💼 Revolução no Direito Sucessório Brasileiro:

O que você (e seu patrimônio) precisam saber agora



O Brasil está prestes a virar uma página histórica no Código Civil – e, com ela, as regras que definem quem herda o quê, quando e como. Não se trata apenas de ajustar leis: estamos assistindo a uma transformação profunda na forma como o país lida com legado, afeto e propriedade.

Se você tem patrimônio a proteger, herdeiros a considerar ou uma família para resguardar, este artigo é para você.


📜 Um Código em Reforma: menos tradição, mais autonomia

O Projeto de Lei nº 4/2025, em tramitação no Senado, propõe a maior reforma já feita no Código Civil brasileiro desde 2002. Com mais de 1.100 artigos alterados e 300 dispositivos novos, o projeto atualiza o direito sucessório para dialogar com as famílias, tecnologias e relações de afeto do século XXI.
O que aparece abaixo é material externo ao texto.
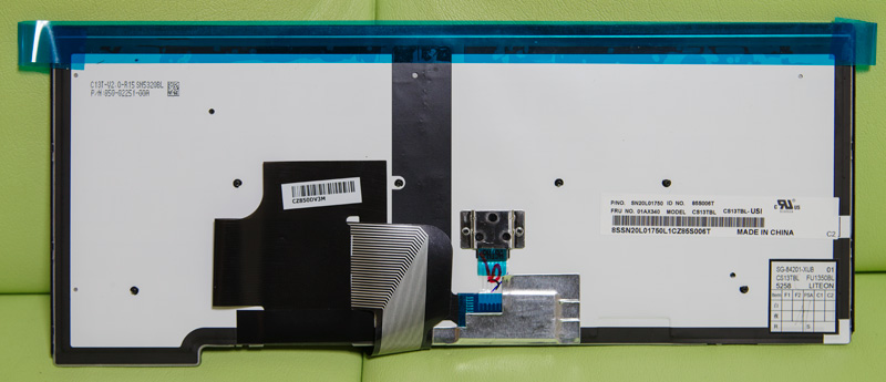 今回はLite-On1)のバックライト付きUSIキーボード「01AX340」を調達した。eBayで送料込み5000円弱で買えた。同じ仕様でも、廃番や供給業者の変更でFRUが変わることがままあるため、FRUから検索するのではなく、機種名とキーボード仕様で販売サイトを検索し、商品ページに載ってるFRUから詳しい仕様・適合性を確認する方が楽だろう。
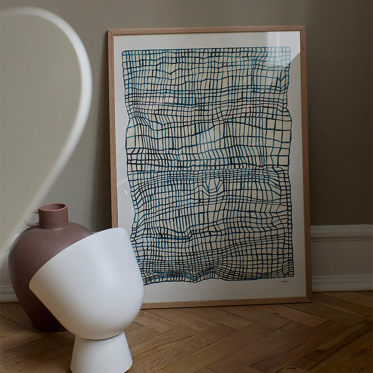 De Sketchbook kunstdruk van Ana Frois voor de Deense fabrikant The Poster Club inspireert met zijn geraffineerde, bewust uit de vrije hand gemaakte ruitmotief. Het motief is gedrukt op 265 g hoogwaardig kunstpapier. Sketchbook is zorgvuldig verpakt in vloeipapier en in een optimaal beschermende kartonnen koker.
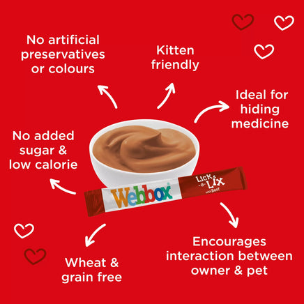 Made with a soft yoghurt like texture, Webbox lick e Lix with Beef is totally the unique treat for your cat. Feed as a tasty treat, use as a topping or disguise crushed up tablets for your cat. These tasty and nutritious sachets make the perfect daily treat that your cat will simply adore!
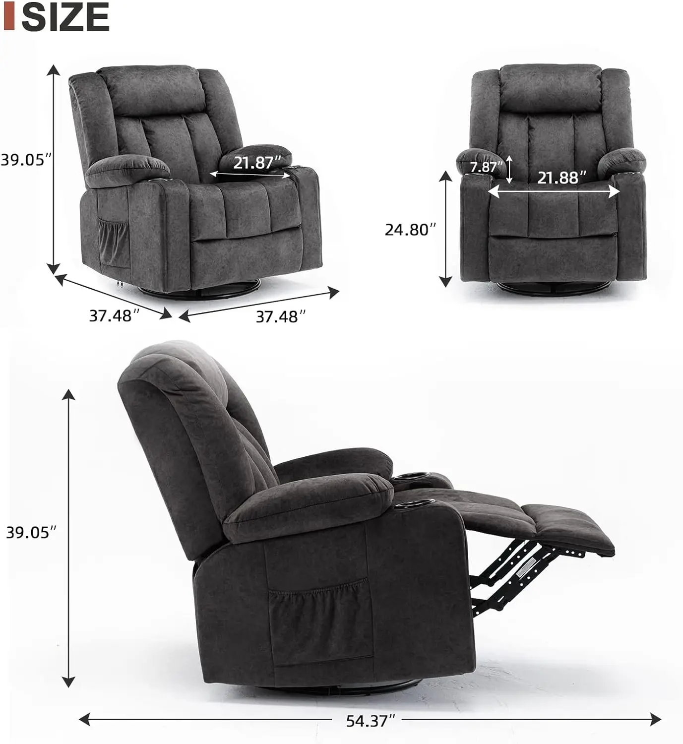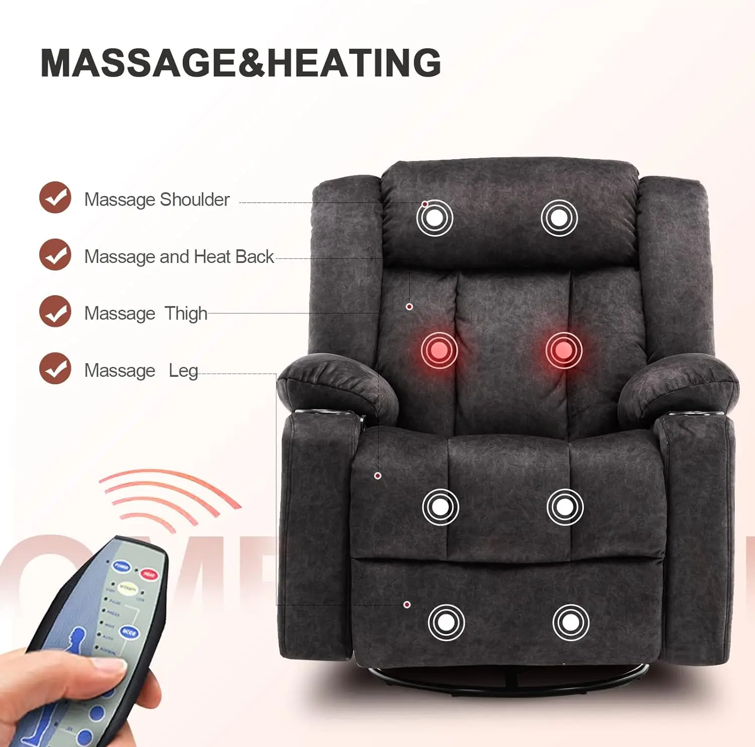 COMHOMA Recliner Chair Massage Rocker with Heated 360 Degree Swivel
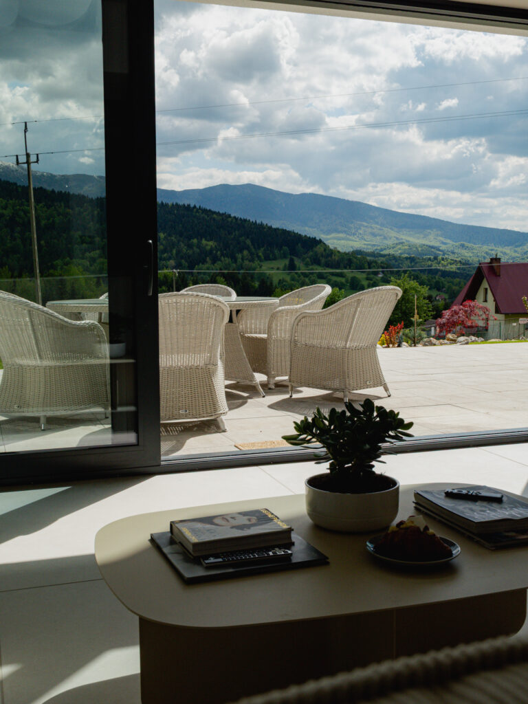 Z samego salonu wychodzisz na duży taras z pięknym widokiem na góry, łąki i lasy. Czasem tuż obok przechodzi stado owiec – to codzienny widok, który sprawia, że czujesz się jak na prawdziwej, górskiej wsi. Spokój, cisza, zieleń – wszystko, czego potrzeba, żeby się zresetować.

Entre as mudanças mais emblemáticas:

  • Exclusão do cônjuge do rol de herdeiros necessários
    Ele deixa de ter direito automático à herança e só recebe se houver testamento, ausência de descendentes e ascendentes, ou se o regime de bens assim determinar. Uma quebra de paradigma que valoriza a liberdade de testar, mas que pode expor o cônjuge sobrevivente a vulnerabilidade jurídica grave.
  • Patrimônio digital na herança
    Criptomoedas, milhas, senhas, contas em jogos, perfis de redes sociais e arquivos em nuvem passam a ser oficialmente reconhecidos como bens hereditários. Senhas deixam de ser segredo e passam a ser chave patrimonial.
  • Testamentos em vídeo e conjutivos
    Agora será possível gravar testamentos em vídeo e fazer testamentos conjuntos entre cônjuges ou companheiros – modernizações que refletem um sistema jurídico menos burocrático e mais acessível.
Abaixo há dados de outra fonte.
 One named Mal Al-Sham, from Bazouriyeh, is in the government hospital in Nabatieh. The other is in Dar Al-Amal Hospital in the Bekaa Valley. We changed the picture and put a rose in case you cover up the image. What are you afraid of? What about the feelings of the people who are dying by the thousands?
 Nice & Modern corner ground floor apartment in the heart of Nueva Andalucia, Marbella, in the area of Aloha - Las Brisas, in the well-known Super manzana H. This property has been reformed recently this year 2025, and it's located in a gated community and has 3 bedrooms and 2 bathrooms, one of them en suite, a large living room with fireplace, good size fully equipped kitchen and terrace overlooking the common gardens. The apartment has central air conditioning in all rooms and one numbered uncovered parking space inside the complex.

👨‍⚖️ STF e STJ já estão redesenhando o mapa sucessório

Enquanto o Congresso discute, o Judiciário já vem traçando novas fronteiras na jurisprudência:

  • Autonomia patrimonial após os 70 anos
    O STF decidiu que idosos podem afastar a separação obrigatória de bens por pacto antenupcial, o que impacta diretamente a sucessão. Liberdade contratual com validade testamentária.
  • Doações fora da parte disponível são nulas – ponto final
    Mesmo com o consentimento dos demais herdeiros, o STJ reafirmou: violou a legítima, a doação será anulada (REsp 2.107.070/SC).
  • Direito real de habitação relativizado
    O viúvo pode perder o direito de permanecer no imóvel se houver capacidade econômica e outros herdeiros prejudicados (REsp 2.151.939/PR).
  • Isenção de IR na sucessão de cotas de fundos
    A transmissão de cotas sem resgate não sofre retenção de imposto, abrindo uma avenida para estratégias sucessórias mais eficazes (REsp 1.968.695/RS).
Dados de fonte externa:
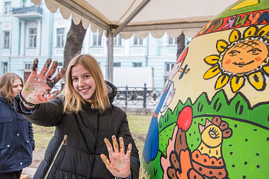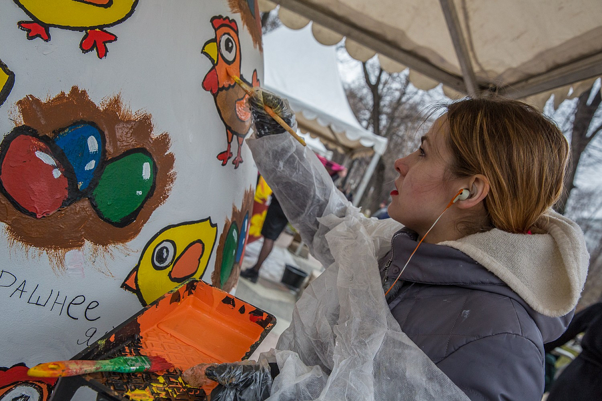 Самым ярким действом Петровского Пасхального фестиваля стал конкурс росписи двухметровых пасхальных яиц. В конкурсе участвовало 20 команд от художественных студий, колледжей и кадетских школ Москвы.
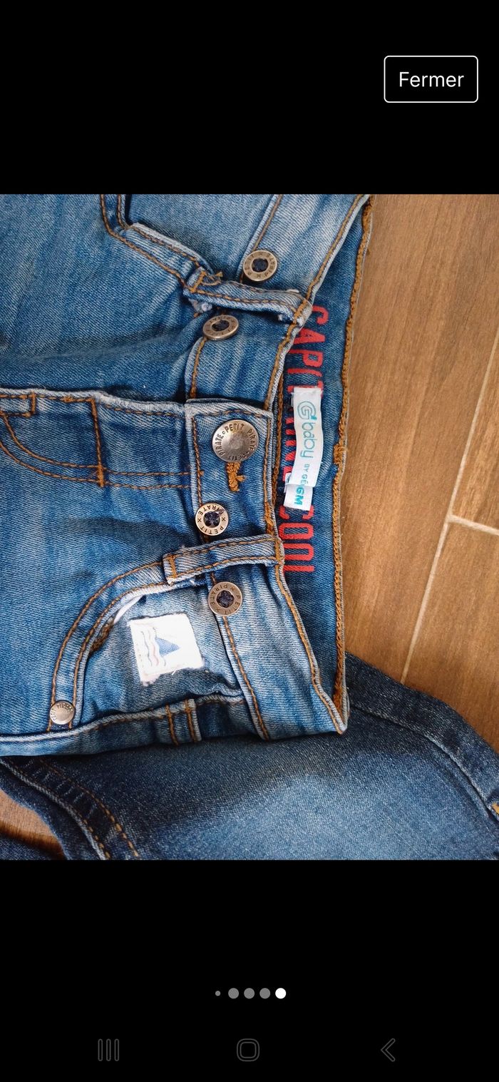 Lot de 2 jeans 1 vertbaudet TBE mais léger défaut de coloration sur le bouton voir photo 1 gemo TBE
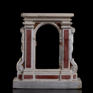 Altezza x larghezza x profonditĂ 38x 35x 15 cm XVII secolo in marmo bianco di Carrara, il fronte, a motivo architettonico [..]
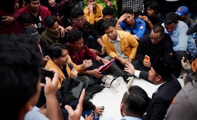 Dengan setelan jas hitam, dari biru muda dan sepatu mengkilat, ia duduk bersila bersama mahasiswa, menciptakan suasana yang lebih akrab dan santai. Harum, sapaan akrab Rudy Mas’ud pun membuka perbincangan dengan menanyakan langsung data dan pengalaman mahasiswa terkait program beasiswa yang mereka terima.
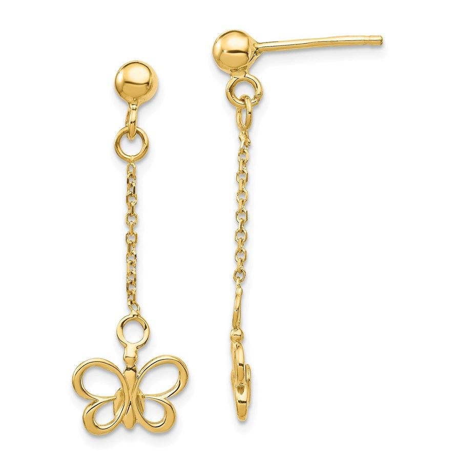 14k Yellow Gold Butterfly Dangle Post Earrings
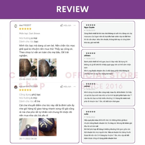 “Mình dùng nhuộm dhc cũng mấy mùa rồi, rất là thích. Cứ thấy có sợi tóc bạc mới nào nhú ra là mình lại phủ phấn luôn vào ^^

👪 Famílias modernas, sucessões mais complexas

O projeto também reconhece o que a realidade já impõe:

  • Uniões homoafetivas e multiparentalidade são equiparadas às uniões heteroafetivas, com os mesmos direitos sucessórios.
  • Famílias multiespécie ganham atenção jurídica: animais de estimação passam a ser considerados no planejamento sucessório – inclusive com previsão de curatela e provisões econômicas.
  • Multipropriedade imobiliária (Lei 13.777/2018) exige atenção especial na partilha de imóveis compartilhados por frações de tempo.

📊 O planejamento sucessório nunca foi tão essencial

A sucessão deixou de ser uma questão burocrática para se tornar estratégia de proteção patrimonial – e isso vale para herdeiros, gestores, empreendedores e até influenciadores digitais.

Você sabia que…

  • Sem testamento, seu parceiro de vida pode não herdar nada?
  • Sem planejamento digital, seus criptoativos podem morrer com você?
  • Sem holding familiar, seus filhos podem disputar patrimônio na Justiça por anos?
  • Sem assessoria jurídica, sua herança pode gerar mais tributos que tranquilidade?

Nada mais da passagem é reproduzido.